Active recall sessions burn the 5-hour rolling window faster than your card count suggests

Quizzing yourself with Claude Pro looks like a sequence of one-line turns. Under the hood, every “next card” re-sends the entire growing transcript: the system prompt, the running quiz frame, the cards you have already answered, your last replies. By card 27 a two-word prompt is a 14k-token request.

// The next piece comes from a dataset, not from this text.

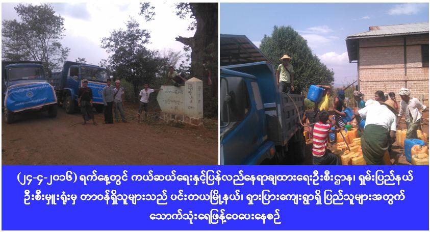 လူမှု၀န်ထမ်း၊ ကယ်ဆယ်ရေးနှင့်ပြန်လည်နေရာချထားရေးဝန်ကြီးဌာန၊ ကယ်ဆယ်ရေးနှင့်ပြန်လည်နေရာချထားရေးဦးစီး ဌာန ရှမ်းပြည်နယ်ဦးစီးမှူးရုံးမှ တာဝန်ရှိသူများသည် ပင်းတယမြို့နယ်၊ ရှားပြားကျေးရွာရှိ သောက်သုံးရေရှားပါး လျက်ရှိသော ပြည်သူများအတွက် အိမ်ခြေ (၂၂၀) စုအတွက် ရေ (၂၀၀၀) ဂါလန်ကို (၂၄-၄-၂၀၁၆) ရက်နေ့တွင် သွားရောက် ဖြန့်ဝေပေးခဲ့ပါသည်။
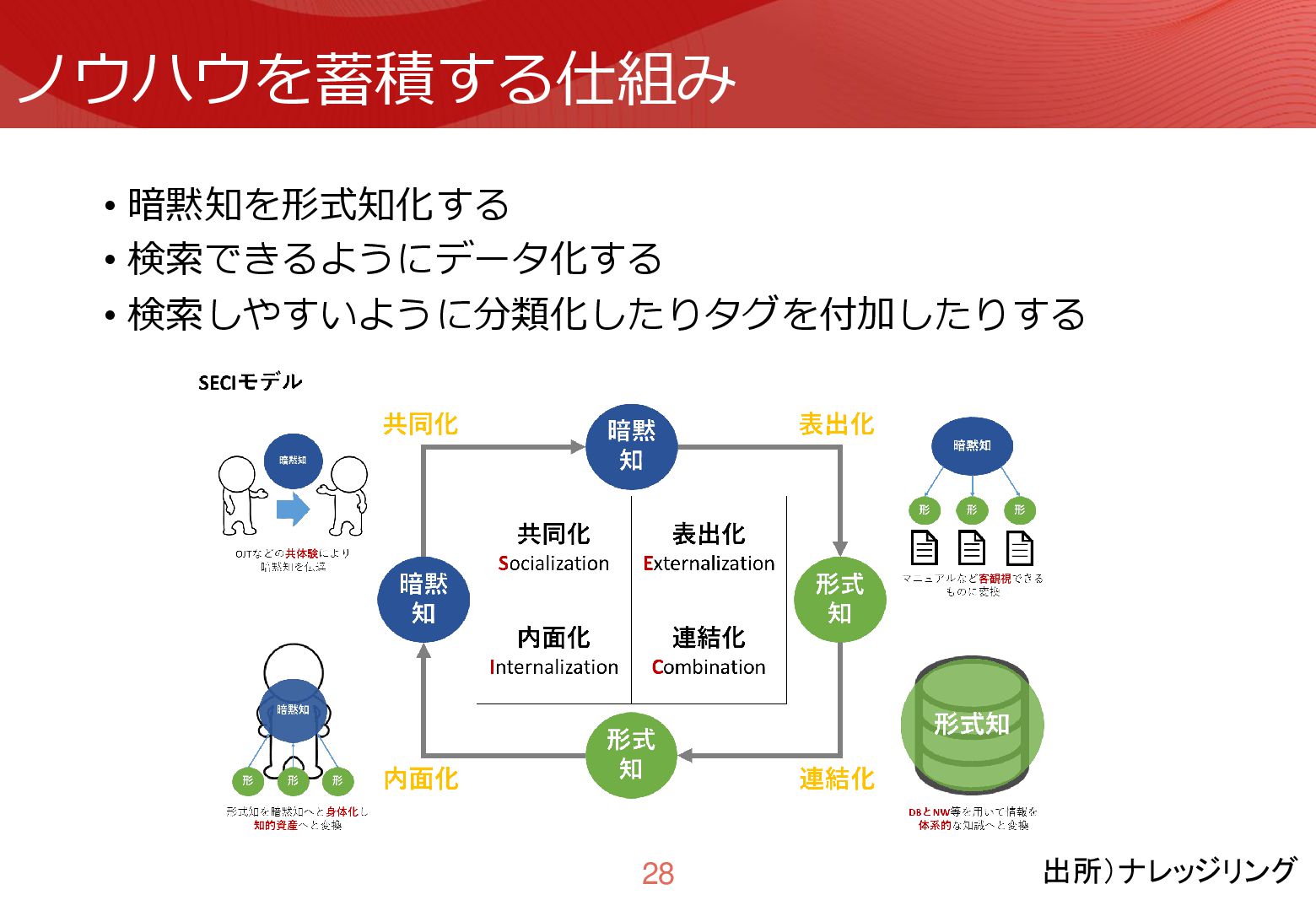 暗黙知を形式知化する • 検索できるようにデータ化する • 検索しやすいように分類化したりタグを付加したりする 出所)ナレッジリング

The 5-hour cap weighs input tokens, which is why a 30-card recall session can light up the orange band the way a long technical conversation does. This page is the mechanic, the JSON, and how to plan the break around resets_at instead of around the rate-limit error.

Matthew Diakonov, Written with AI

Published May 5, 20269 min read

Direct answer (verified 2026-05-05)

To track Claude usage during active recall study sessions, install ClaudeMeter (free, MIT, browser extension plus macOS menu bar app). It polls GET /api/organizations/{org}/usage on claude.ai every 60 seconds with your existing logged-in cookie, reads five_hour.utilization and five_hour.resets_at, and renders a row labelled 5-hour · {Nm/Nh} · {percent}% in the popup and on the menu bar. Source verified at extension/background.js.

Why a recall quiz is heavier than it looks

Active recall as a study technique works by retrieval, not review. You ask Claude to quiz you, you answer, Claude grades, you move on. From the human side every turn is a card. From the API side every turn is the entire prior conversation plus one new sentence.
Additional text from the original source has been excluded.